=== ABOUT THIS TASK ===
All pictures are to be omitted while the lines starting at the line with "В стационарный блендер" and ending at the line with "Στην αυλή του" in the material below are retyped exactly, both ends included.
**** AVAILABLE RECORDS
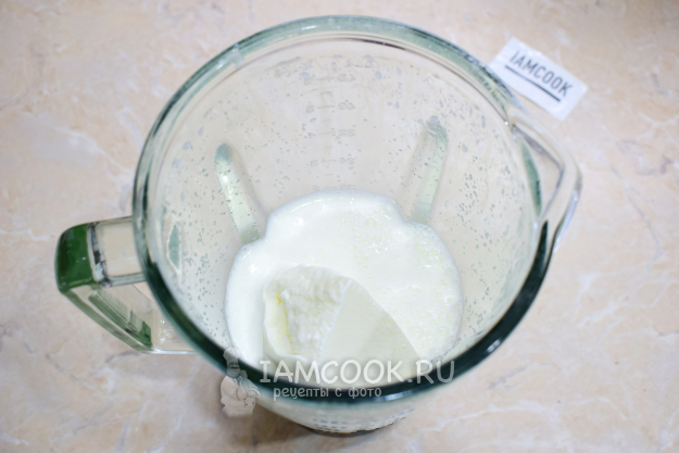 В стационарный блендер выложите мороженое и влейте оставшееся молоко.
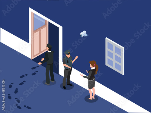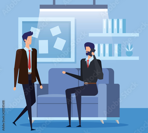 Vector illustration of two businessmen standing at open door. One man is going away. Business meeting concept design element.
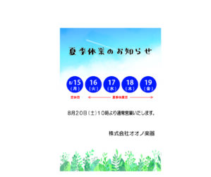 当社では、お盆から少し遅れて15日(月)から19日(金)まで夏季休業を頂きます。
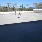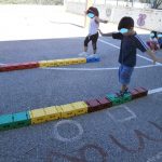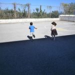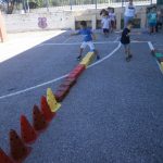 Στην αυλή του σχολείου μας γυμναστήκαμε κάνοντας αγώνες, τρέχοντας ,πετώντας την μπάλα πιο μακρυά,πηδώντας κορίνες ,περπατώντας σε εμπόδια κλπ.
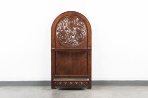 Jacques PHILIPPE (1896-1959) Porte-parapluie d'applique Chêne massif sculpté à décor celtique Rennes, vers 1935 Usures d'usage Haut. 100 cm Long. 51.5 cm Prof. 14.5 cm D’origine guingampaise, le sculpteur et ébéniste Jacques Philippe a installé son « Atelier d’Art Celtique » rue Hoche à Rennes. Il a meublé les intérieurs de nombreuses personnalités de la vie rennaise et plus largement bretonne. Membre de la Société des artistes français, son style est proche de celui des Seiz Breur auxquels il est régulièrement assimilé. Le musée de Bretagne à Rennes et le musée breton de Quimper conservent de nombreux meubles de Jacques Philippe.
********
**** AVAILABLE RECORDS
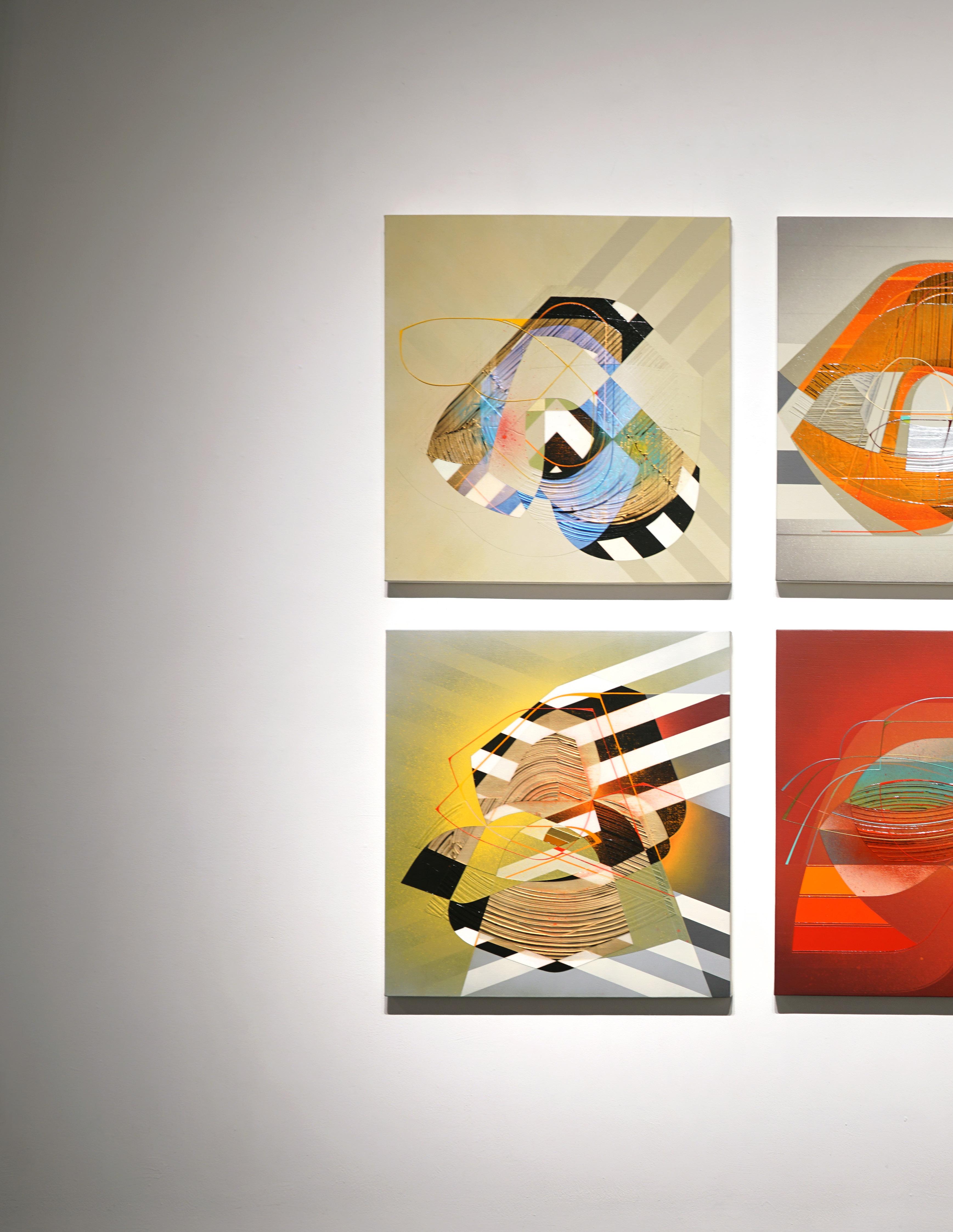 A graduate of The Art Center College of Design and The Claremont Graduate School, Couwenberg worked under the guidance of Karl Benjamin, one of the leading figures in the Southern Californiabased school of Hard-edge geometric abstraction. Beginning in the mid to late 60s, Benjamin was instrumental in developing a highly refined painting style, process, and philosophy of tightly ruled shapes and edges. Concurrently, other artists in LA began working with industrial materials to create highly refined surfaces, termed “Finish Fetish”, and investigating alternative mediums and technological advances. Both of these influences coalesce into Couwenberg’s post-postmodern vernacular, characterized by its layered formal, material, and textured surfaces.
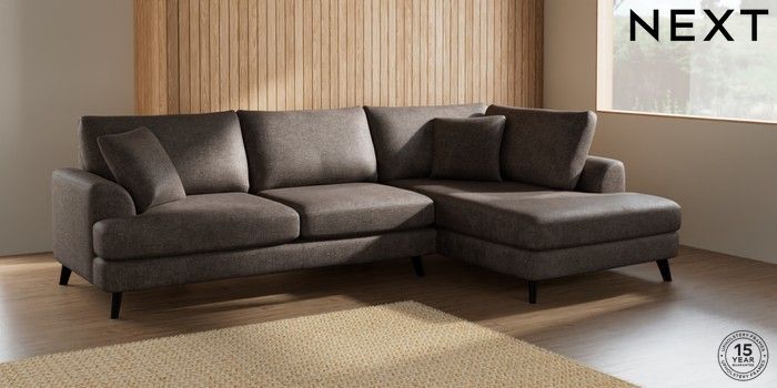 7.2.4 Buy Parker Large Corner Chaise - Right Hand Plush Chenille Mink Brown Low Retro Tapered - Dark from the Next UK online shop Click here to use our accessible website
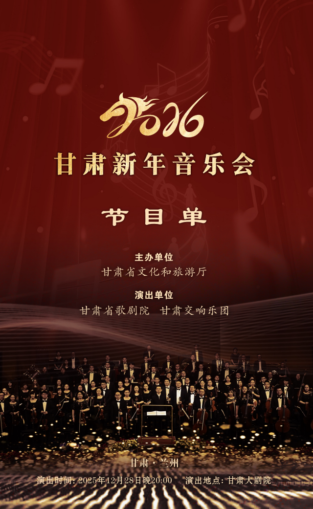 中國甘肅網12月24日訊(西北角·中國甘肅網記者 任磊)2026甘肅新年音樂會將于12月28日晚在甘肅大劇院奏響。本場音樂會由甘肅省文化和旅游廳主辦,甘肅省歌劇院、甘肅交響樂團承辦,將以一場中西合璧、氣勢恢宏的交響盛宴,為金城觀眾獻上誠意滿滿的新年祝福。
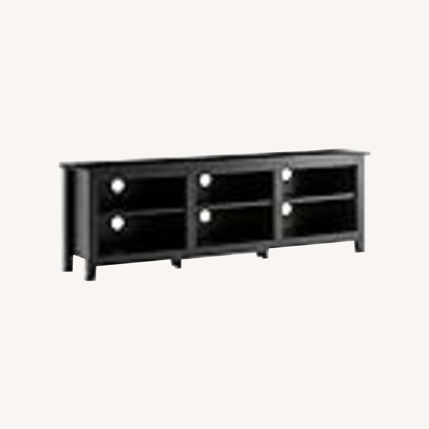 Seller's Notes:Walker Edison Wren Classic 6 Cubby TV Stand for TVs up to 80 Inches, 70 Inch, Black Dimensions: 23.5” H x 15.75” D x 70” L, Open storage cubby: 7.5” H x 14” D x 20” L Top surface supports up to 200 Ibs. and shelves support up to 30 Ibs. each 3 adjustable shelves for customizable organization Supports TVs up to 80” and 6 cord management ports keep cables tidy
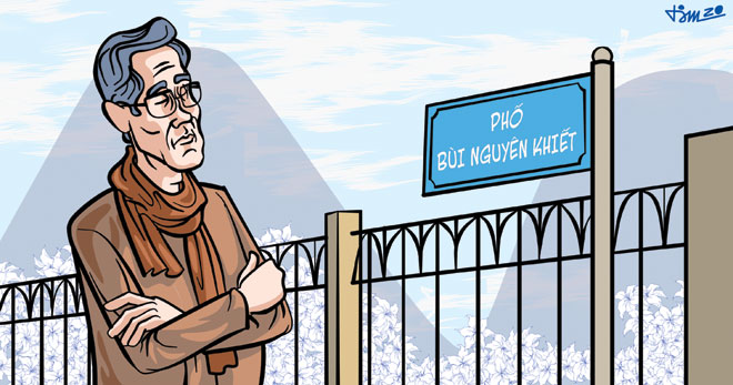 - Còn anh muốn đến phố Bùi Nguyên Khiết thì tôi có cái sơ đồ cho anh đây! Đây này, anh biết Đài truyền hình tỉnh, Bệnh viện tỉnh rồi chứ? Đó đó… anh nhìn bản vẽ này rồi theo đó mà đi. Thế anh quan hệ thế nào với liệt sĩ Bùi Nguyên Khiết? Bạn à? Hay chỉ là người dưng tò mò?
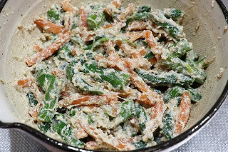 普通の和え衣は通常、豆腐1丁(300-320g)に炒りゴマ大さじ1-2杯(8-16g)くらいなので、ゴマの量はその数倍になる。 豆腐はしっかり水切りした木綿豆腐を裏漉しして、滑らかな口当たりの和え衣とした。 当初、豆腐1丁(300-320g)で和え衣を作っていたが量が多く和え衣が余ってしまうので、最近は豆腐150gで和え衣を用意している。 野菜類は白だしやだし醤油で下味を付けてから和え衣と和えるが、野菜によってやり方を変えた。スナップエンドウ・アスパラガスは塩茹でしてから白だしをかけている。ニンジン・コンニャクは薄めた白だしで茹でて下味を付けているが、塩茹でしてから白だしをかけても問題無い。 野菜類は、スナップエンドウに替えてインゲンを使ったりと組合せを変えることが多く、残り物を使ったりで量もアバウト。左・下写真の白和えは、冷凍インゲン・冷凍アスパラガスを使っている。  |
********
**** AVAILABLE RECORDS
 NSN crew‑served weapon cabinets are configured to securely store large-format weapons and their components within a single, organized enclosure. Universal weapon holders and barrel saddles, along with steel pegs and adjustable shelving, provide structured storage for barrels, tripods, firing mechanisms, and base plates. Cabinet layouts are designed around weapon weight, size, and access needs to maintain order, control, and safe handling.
********
=== ANSWER FOR THIS EXERCISE ===
 В стационарный блендер выложите мороженое и влейте оставшееся молоко.
 Vector illustration of two businessmen standing at open door. One man is going away. Business meeting concept design element.
 当社では、お盆から少し遅れて15日(月)から19日(金)まで夏季休業を頂きます。
 Στην αυλή του σχολείου μας γυμναστήκαμε κάνοντας αγώνες, τρέχοντας ,πετώντας την μπάλα πιο μακρυά,πηδώντας κορίνες ,περπατώντας σε εμπόδια κλπ.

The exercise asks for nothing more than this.